Thanatos could bridge the gap between species, between divinity and mortality, and convey any precise emotion in human terms when he wanted to. When he did not want to, he became the expressionlessness of a bug’s dead husk.

“Of course.” He said, “But Oleander, where would you go? This is a place of death, it’s not fit for anyone to live here… not consciously. And you would not survive a day above ground in the wild, you can hardly walk.” Step by step he guided Oleander back to bed. “I would protect you if I could leave this place, but you know fate has not been kind to me either.”

Oleander crawled back into the sheets, still slightly warm from when he lay in them mere minutes ago. Thanatos usually gave him at least a few hours to talk, exercise his legs, gather his waking thoughts. The urgency with which he nudged his ward back to sleep hinted that perhaps his urgent matters were more than just empty rumors. Thanatos’s acolytes were always chasing rumors… What made this time so urgent? Oleander considered this but knew that the knowledge did not provide any new options for him. Maybe he had not been a prisoner when he’d first come to the ravine. Maybe Thanatos really would let him go if he insisted. But by choosing comfort and dependency, he’d made himself a prisoner all on his own. The longer he dwelt in the waking world, the deeper fear and guilt and helplessness engulfed him. It was why, time after time, he chose to sleep.

“I hate to see you suffer.” Thanatos said, his voice like a lullaby. “I want as much as you to see your brothers safe. Leave the task to me. There will come a time when things are different. A time of reunion, a time without death. With your help, I am bringing about a new world. Until then, dream, little prince.”

Oleander settled comfortably into the dent in the mattress his years of slumber had formed. A swarm of butterflies circled over him, dusting him with their potent poison. Under the sheets out of sight, his hand crept to the edge of the mattress. His fingertips searched the stitching there. It was only an impulse to know if it was still there, the just-in-case measure he’d hidden years ago. Of course it likely wouldn’t be. Thanatos might have found it while he slept or replaced the mattress. Maybe he misremembered the spot where he’d put it. His fingertips found only firm stitching and his eyelids were growing irresistibly heavy.
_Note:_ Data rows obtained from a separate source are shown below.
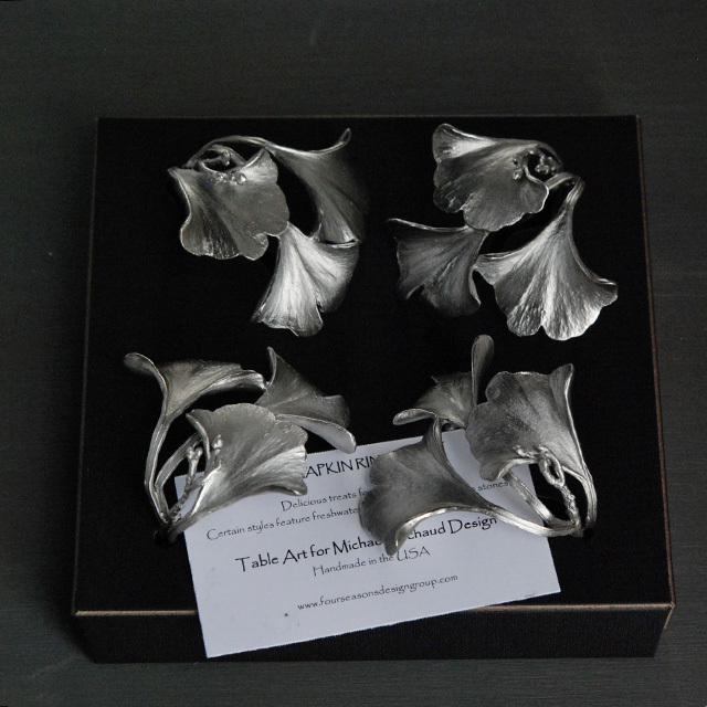 ナプキンリング イチョウ 4点セット (ピューター)  / Michael Michaud( CA-NR9410AP )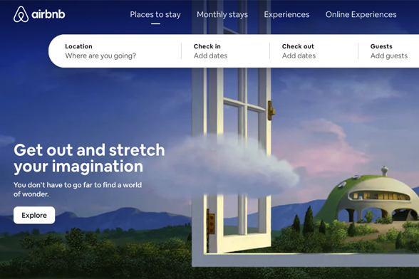 Airbnb landing page examples of microcopy – “Places to stay, Monthly stays, Experiences, Add dates, Add guests, Explore” Airbnb landing page examples - “Stays, Experiences, Adventures, Become a Host, Help, Sign in, Log In” Etsy landing page microcopy example –  “Sign in button call to action, Gifts, Shop Back to School, Everyday finds.” Image: Etsy landing page example -  “Sign-In” button call to action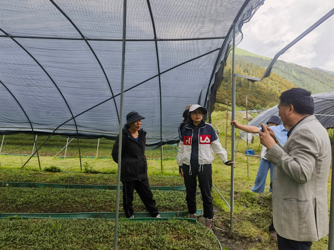 由于川贝母基原种多、种植年限长、技术要求和种植成本高,为保证企业千亩川贝母基地建设项目的稳步推进,7月8日,张利教授带领团队姜媛媛副教授、廖进秋副教授,以及四川逢春制药有限公司董事长黎勇和基地管理技术人员毛昌辉,共同赴团队长期技术指导的丹巴县甘孜州佳源中药材种植有限责任公司川贝母基地进行现场考察,共商企业合作,共同推动我省川贝母产业化发展。

Thanatos now receded, his borrowed body fading away until all that remained visible in the dark bowels of the ravine was the blue glow behind the molt’s eyes. Then those disappeared too and Oleander was sure sleep was inevitable. How long would it be until he next awoke?

Then, as the butterflies lifted and his eyelids settled fully closed, his fingers found the tiny tear in the fabric on the seam of the mattress. Inside lay something small, hard, and smooth. The only card he had to play was still there.

If he waited any longer, sleep would overtake him and another few months would slip by in dream. Maybe even longer. He would pay for comfort in time, as he had with half his life so far. Maybe it was a nagging premonition that compelled him, or maybe he was always going to break with dream and it had only taken him years to build up the courage. With heavy poison-weighted fingers he withdrew a small vial from the mattress, uncorked it, and dumped its contents into his mouth. Oleander chose, finally, to wake.